Home > Books > Abandoned in Death (In Death, #54)(112)

Abandoned in Death (In Death, #54)(112)

Author:J. D. Robb

Quiet nights loving Joe while the children slept.

Birthdays and skinned knees, squabbles and bedtime stories.

Graduations and weddings, her babies’ beautiful babies.

And she’d left her little boy alone.

She’d washed his face and hands in a service station bathroom that smelled of piss-soaked heat because she’d traded her body for pills instead of a motel room.

He’d been angry, whiny so her head felt as if it would split.

Why shouldn’t he have been, when instead of a bath and bed, she’d taken the Oxy and gas money so she could move on? Just move on.

How could she have loved—and she had, oh, she had loved her little boy—and been such a terrible mother?

Because everything about her had been wrong.

She’d known it, finally accepted it, and determined to end it.

But she hadn’t taken him with her. She’d left him at that church. There’d been hope. She hadn’t killed her baby.

Only left him, and forgotten him. Forgotten it all as if it had never happened, as if Lisa McKinney had never been.

And been reborn, with Joe. By Joe, for Joe.

Now he was gone, and all the years, so many years, she’d been a good wife, a good mother, a good person, a caring, loving, productive woman? Gone with him.

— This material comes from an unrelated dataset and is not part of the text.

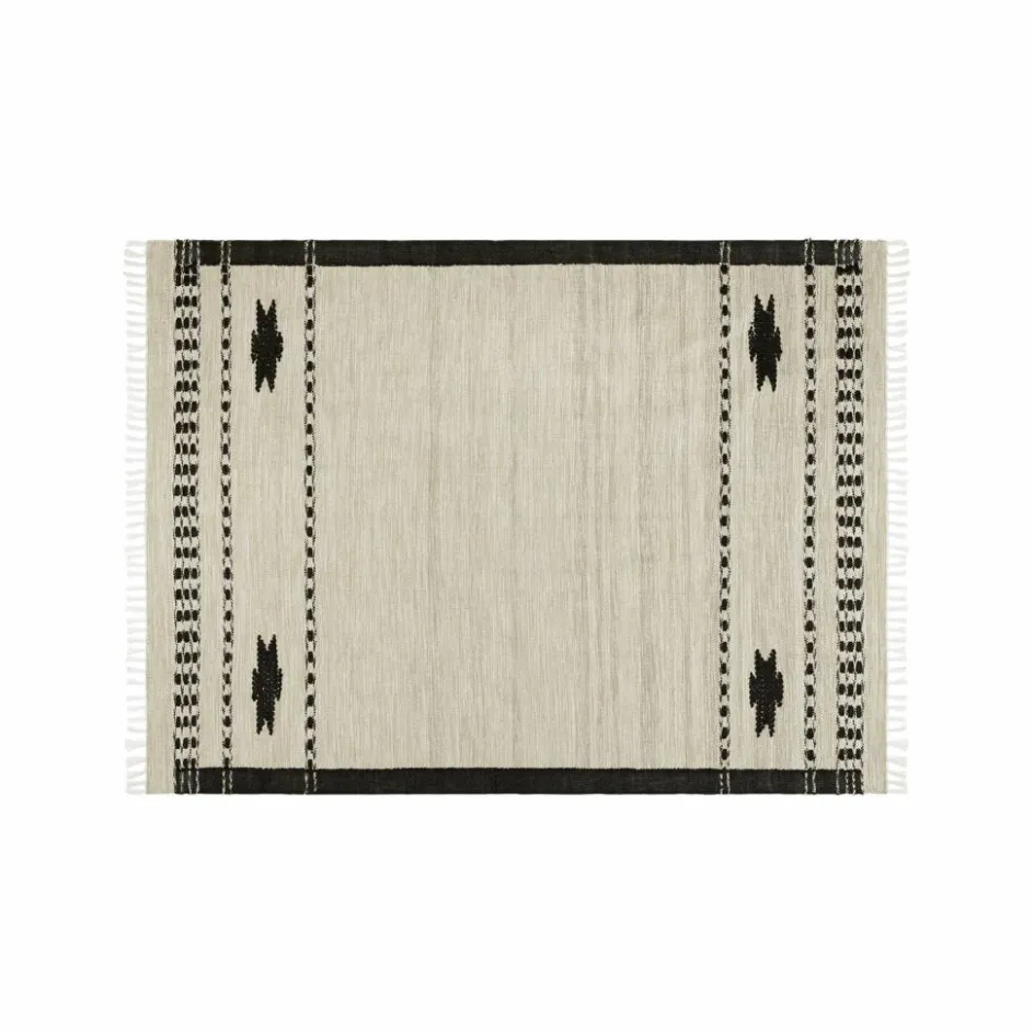 Dieser kunstvoll von Hand gewebte Teppich verbindet umweltbewusste Materialwahl mit eleganter Ästhetik. Aus recyceltem PET gefertigt, bietet er die Haptik eines traditionellen Baumwollteppichs und hält gleichzeitig den Elementen stand. Die naturnahen Farben und das dezente Muster komplementieren sowohl Innenräume als auch Außenbereiche und verleihen ihnen eine entspannte, bohèmeartige Ausstrahlung. Dieser Teppich ist ein Statement für umweltfreundliches Design und vielseitigen Stil, ideal für alle, die Wert auf Nachhaltigkeit und Eleganz legen.

Violet had been stripped away to Lisa. Lisa didn’t deserve those years of joy and comfort and love. The selfish, foolish, reckless girl who’d abandoned her own child deserved nothing.

And the Violet who remained couldn’t live with it. How could she tell her children, their children, she’d built their lives on a lie?

Maybe, maybe if she’d remembered it all when Joe had still been alive, they’d have found a way. He always found a way. But he was gone, her North Star had flickered out, and she couldn’t find her way any longer.

She wandered the room, touching photographs and the memories they held. The candlesticks that had been Joe’s grandmother’s—a strong, proud woman who’d given her a pair of diamond teardrop earrings on her wedding day as something old.

The vase she’d found in Venice on their honeymoon, the trinket box—wonderfully gaudy—the children had given her for Mother’s Day so, so long ago.

Precious things, those pieces of the life she’d lived. Violet’s life. But Violet couldn’t exist, not really, without Joe.

She’d walked the house earlier, before all the children came for dinner. A last supper, she thought. She couldn’t do so now, not with Joella staying over. If Joella heard her, she’d try to comfort, and she’d worry.

But she’d walked the house, the gardens, said her goodbyes. She’d fed her children, a big, happy meal. She’d hugged them, held them.

Now, she set out the letters she’d written each of them. They’d grieve, she knew. But they’d forgive her. Forgive Mama. And their lives would go on. She could be proud of that, proud there had been something strong and good in her, something Joe found in her that helped her raise such fine children.

Nothing of Lisa in them, she thought. Only Joe and Violet.

She’d written to her son, her firstborn, the little boy she’d deserted. So strange, so odd, so disconcerting to see him, a grown man, a gray-haired man.

A scientist!

She’d thought to go to him, to speak to him, to tell him everything face-to-face, but she hadn’t found the courage.

But she had to leave him something, had to make up somehow for all the lost years, for the fear he must have felt, waking alone on the steps of the church.

She’d bought the house—not as big as the one where her other children had grown up. But a lovely old house, a solid house, still close to where he worked.

She’d opened a bank account for him, and arranged it all so he could simply move in—or sell the house if it didn’t suit him.

She’d sent all the paperwork just that morning, with a letter confessing, explaining—or trying to.

Would he forgive her? Maybe one day.

But she felt Violet had done all she could for Lisa’s baby darling.

She was a doctor’s wife, and knew how many pills to take. She got into bed, the bed she’d shared with Joe for a lifetime, and began to take them. One at a time, letting each one settle.

When she felt drowsy, she took more. When it was enough, she set the glass aside.

When it was enough, she lay down, stretched a hand out to Joe’s side of the bed, imagined him taking that hand in his.

She sighed once, said, “Joe,” and finally slept.

NOW

Mary Kate heard the footsteps overhead. He was back.